WORK REQUEST: Can you copy out the data exactly? Leave the images out.

SOURCE DATA:
··········

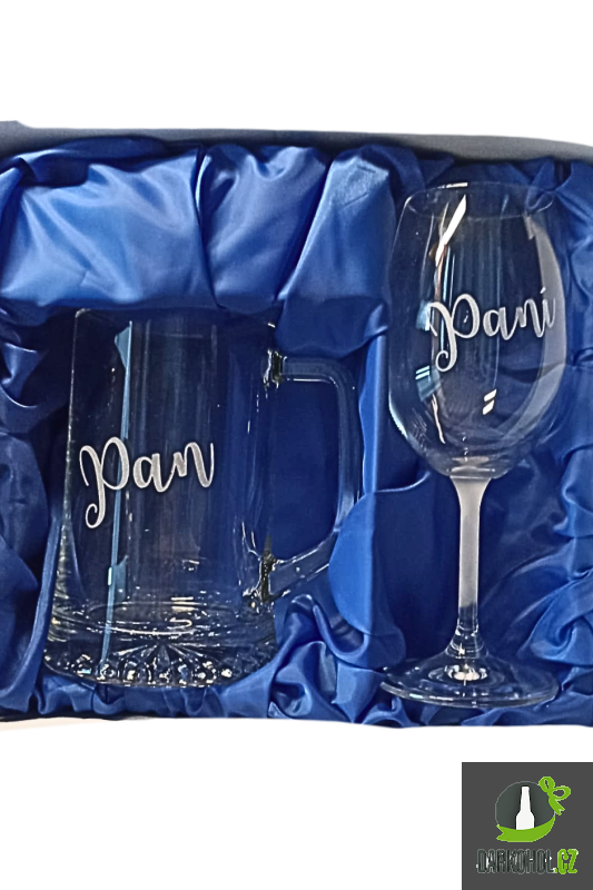 Ručně pískovaná sklenice na víno s nápisem ’’Paní’’ o objemu 350ml a pískovaný půllitr s uchem s nápisem ’’Pan’’ o objemu 500ml.
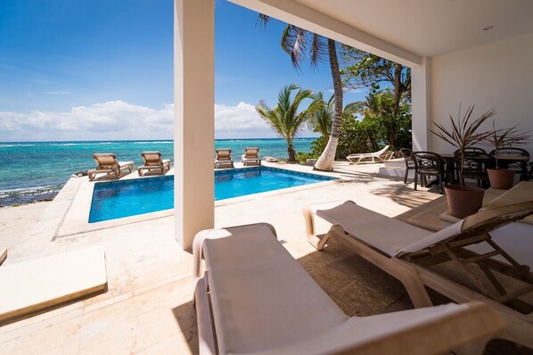 The 3,500 squ ft Main Villa is open and airy with uninterrupted views of the beach and Caribbean Sea. The open large open design of the main level highlights the expansive ocean views and is designed to allow an easy and seamless flow from the main living areas, through to the pool, patio and sundeck and then on to the sandy beach and gentle turquoise waters.
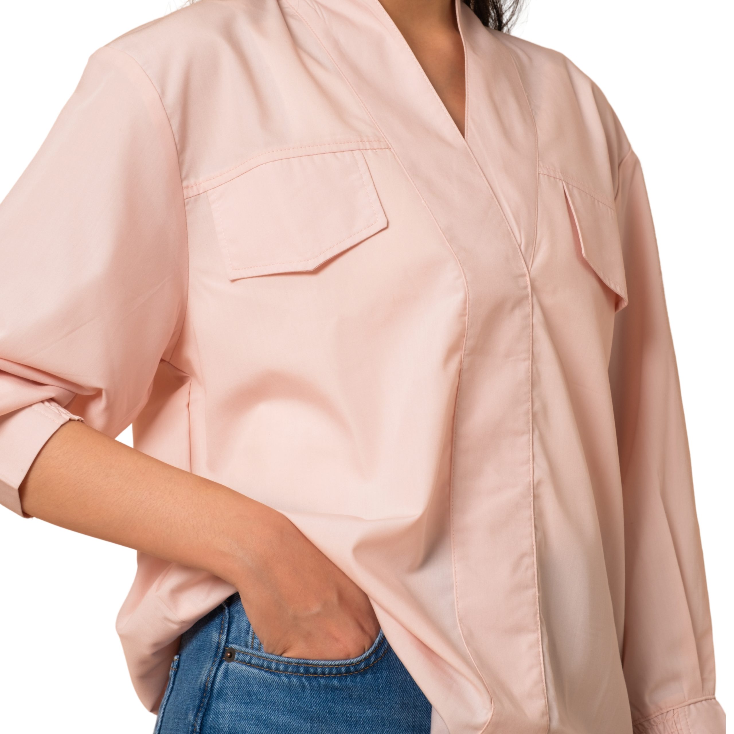 The Masa Shirt is a versatile top with a stylish V-neck design, accented with pocket details and distinctive cuff finishes. Made from high-quality cotton with a subtle stretch texture, it offers breathable comfort, ease of movement, and a consistently polished look throughout the day.
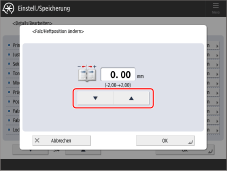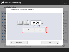 Wenn Sie die Position der Sattelheftung nach rechts während auf die bedruckte Seite des Ausdrucks gerichtet verschieben wollen, geben Sie einen höheren Wert ein.

··········

TASK ANSWER:
 Ručně pískovaná sklenice na víno s nápisem ’’Paní’’ o objemu 350ml a pískovaný půllitr s uchem s nápisem ’’Pan’’ o objemu 500ml.
 The 3,500 squ ft Main Villa is open and airy with uninterrupted views of the beach and Caribbean Sea. The open large open design of the main level highlights the expansive ocean views and is designed to allow an easy and seamless flow from the main living areas, through to the pool, patio and sundeck and then on to the sandy beach and gentle turquoise waters.
 The Masa Shirt is a versatile top with a stylish V-neck design, accented with pocket details and distinctive cuff finishes. Made from high-quality cotton with a subtle stretch texture, it offers breathable comfort, ease of movement, and a consistently polished look throughout the day.
 Wenn Sie die Position der Sattelheftung nach rechts während auf die bedruckte Seite des Ausdrucks gerichtet verschieben wollen, geben Sie einen höheren Wert ein.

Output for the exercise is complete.